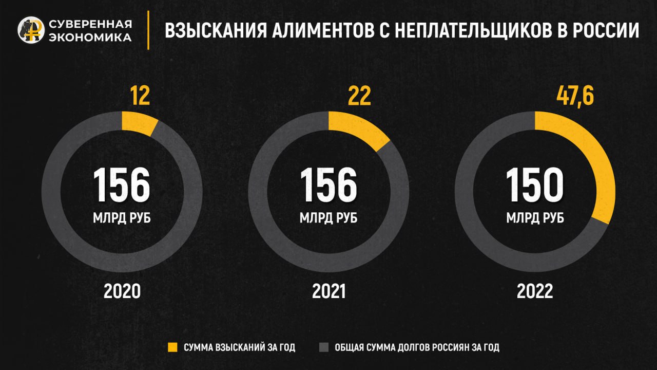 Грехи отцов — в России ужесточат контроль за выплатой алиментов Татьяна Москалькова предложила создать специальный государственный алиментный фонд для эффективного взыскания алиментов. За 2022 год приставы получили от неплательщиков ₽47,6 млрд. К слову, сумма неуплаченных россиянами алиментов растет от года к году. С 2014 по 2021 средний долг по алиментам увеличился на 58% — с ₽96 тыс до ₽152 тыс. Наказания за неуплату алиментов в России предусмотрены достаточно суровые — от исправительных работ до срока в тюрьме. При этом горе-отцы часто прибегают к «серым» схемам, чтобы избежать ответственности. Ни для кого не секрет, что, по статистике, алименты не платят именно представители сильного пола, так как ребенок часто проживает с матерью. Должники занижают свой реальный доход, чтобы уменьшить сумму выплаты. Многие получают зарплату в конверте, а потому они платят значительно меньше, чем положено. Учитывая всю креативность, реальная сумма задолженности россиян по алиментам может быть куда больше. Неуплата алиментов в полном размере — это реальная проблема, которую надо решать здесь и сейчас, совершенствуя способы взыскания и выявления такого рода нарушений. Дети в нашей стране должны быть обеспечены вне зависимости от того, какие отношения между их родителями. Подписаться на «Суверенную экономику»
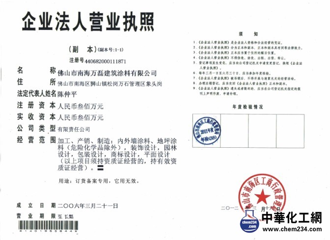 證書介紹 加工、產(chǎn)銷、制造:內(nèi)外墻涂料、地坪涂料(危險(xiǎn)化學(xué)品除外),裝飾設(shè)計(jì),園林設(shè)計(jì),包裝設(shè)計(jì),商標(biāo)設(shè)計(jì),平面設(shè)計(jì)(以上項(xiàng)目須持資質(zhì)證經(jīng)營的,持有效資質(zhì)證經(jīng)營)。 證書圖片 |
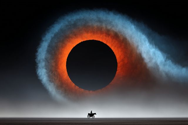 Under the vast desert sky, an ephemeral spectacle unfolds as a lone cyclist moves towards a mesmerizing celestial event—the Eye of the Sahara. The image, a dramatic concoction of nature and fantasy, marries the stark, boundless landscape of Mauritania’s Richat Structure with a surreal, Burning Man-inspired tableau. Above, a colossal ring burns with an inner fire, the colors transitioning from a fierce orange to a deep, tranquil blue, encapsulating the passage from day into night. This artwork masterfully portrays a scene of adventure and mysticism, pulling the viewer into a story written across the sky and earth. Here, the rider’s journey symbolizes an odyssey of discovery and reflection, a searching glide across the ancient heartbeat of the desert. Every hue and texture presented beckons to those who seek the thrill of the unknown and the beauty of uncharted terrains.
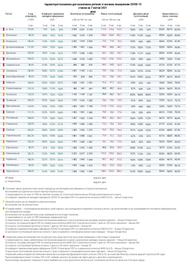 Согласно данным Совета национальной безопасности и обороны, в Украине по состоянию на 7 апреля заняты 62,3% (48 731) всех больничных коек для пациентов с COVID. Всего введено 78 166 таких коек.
======
The listing above should be returned word for word, with pictures omitted.

_REPLY TO THE TASK:_
 Грехи отцов — в России ужесточат контроль за выплатой алиментов Татьяна Москалькова предложила создать специальный государственный алиментный фонд для эффективного взыскания алиментов. За 2022 год приставы получили от неплательщиков ₽47,6 млрд. К слову, сумма неуплаченных россиянами алиментов растет от года к году. С 2014 по 2021 средний долг по алиментам увеличился на 58% — с ₽96 тыс до ₽152 тыс. Наказания за неуплату алиментов в России предусмотрены достаточно суровые — от исправительных работ до срока в тюрьме. При этом горе-отцы часто прибегают к «серым» схемам, чтобы избежать ответственности. Ни для кого не секрет, что, по статистике, алименты не платят именно представители сильного пола, так как ребенок часто проживает с матерью. Должники занижают свой реальный доход, чтобы уменьшить сумму выплаты. Многие получают зарплату в конверте, а потому они платят значительно меньше, чем положено. Учитывая всю креативность, реальная сумма задолженности россиян по алиментам может быть куда больше. Неуплата алиментов в полном размере — это реальная проблема, которую надо решать здесь и сейчас, совершенствуя способы взыскания и выявления такого рода нарушений. Дети в нашей стране должны быть обеспечены вне зависимости от того, какие отношения между их родителями. Подписаться на «Суверенную экономику»
 證書介紹 加工、產(chǎn)銷、制造:內(nèi)外墻涂料、地坪涂料(危險(xiǎn)化學(xué)品除外),裝飾設(shè)計(jì),園林設(shè)計(jì),包裝設(shè)計(jì),商標(biāo)設(shè)計(jì),平面設(shè)計(jì)(以上項(xiàng)目須持資質(zhì)證經(jīng)營的,持有效資質(zhì)證經(jīng)營)。 證書圖片 |
 Under the vast desert sky, an ephemeral spectacle unfolds as a lone cyclist moves towards a mesmerizing celestial event—the Eye of the Sahara. The image, a dramatic concoction of nature and fantasy, marries the stark, boundless landscape of Mauritania’s Richat Structure with a surreal, Burning Man-inspired tableau. Above, a colossal ring burns with an inner fire, the colors transitioning from a fierce orange to a deep, tranquil blue, encapsulating the passage from day into night. This artwork masterfully portrays a scene of adventure and mysticism, pulling the viewer into a story written across the sky and earth. Here, the rider’s journey symbolizes an odyssey of discovery and reflection, a searching glide across the ancient heartbeat of the desert. Every hue and texture presented beckons to those who seek the thrill of the unknown and the beauty of uncharted terrains.
 Согласно данным Совета национальной безопасности и обороны, в Украине по состоянию на 7 апреля заняты 62,3% (48 731) всех больничных коек для пациентов с COVID. Всего введено 78 166 таких коек.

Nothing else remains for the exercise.